Blog · Analysis · May 2026

The Agent-to-Agent Protocol Becomes the Handshake

Agent-to-agent protocols make AI systems interoperable. They also create a new institutional handshake where discovery, delegation, identity, consent, and audit have to survive across agents.

From Tool Use to Agent Use

The first governance problem of AI agents was tool use. A model could call a calendar, query a database, send an email, edit code, search a drive, or operate a browser. That moved the trust boundary from the chat window into connectors, permissions, logs, and tool descriptions.
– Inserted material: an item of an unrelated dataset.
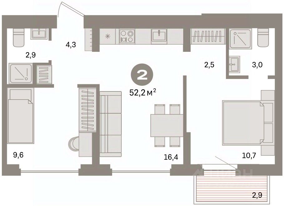 Квартира с кухней-гостиной и двумя спальнями в квартале "Депо". Особенности планировки: гардеробная, вид во двор, разнесённые спальни, предчистовая отделка, мастер-спальня, балкон.

The next problem is agent use. One agent asks another agent to do work. A workplace assistant calls a procurement agent. A customer-support agent asks a billing agent for account state. A travel agent asks a payment agent to hold a fare. A hiring agent asks a sourcing agent to find candidates, then another agent to schedule interviews, then another to run a background-check workflow. A research agent asks a specialized data-analysis agent to produce an artifact, while a compliance agent watches the task state.

This is the shift that Agent2Agent, or A2A, tries to standardize. Google announced A2A on April 9, 2025 as an open protocol for agent interoperability, with more than 50 initial technology and services partners. In June 2025 the Linux Foundation announced the Agent2Agent project, describing A2A as an open protocol created by Google for secure agent-to-agent communication and collaboration. The current A2A specification describes an open standard for communication between independent, potentially opaque AI agent systems.

Interoperability is useful. Enterprises do not want every agent trapped inside one vendor's platform, one framework, or one workflow surface. They want agents that can discover each other, exchange task state, pass artifacts, stream progress, request authorization, and complete work across systems.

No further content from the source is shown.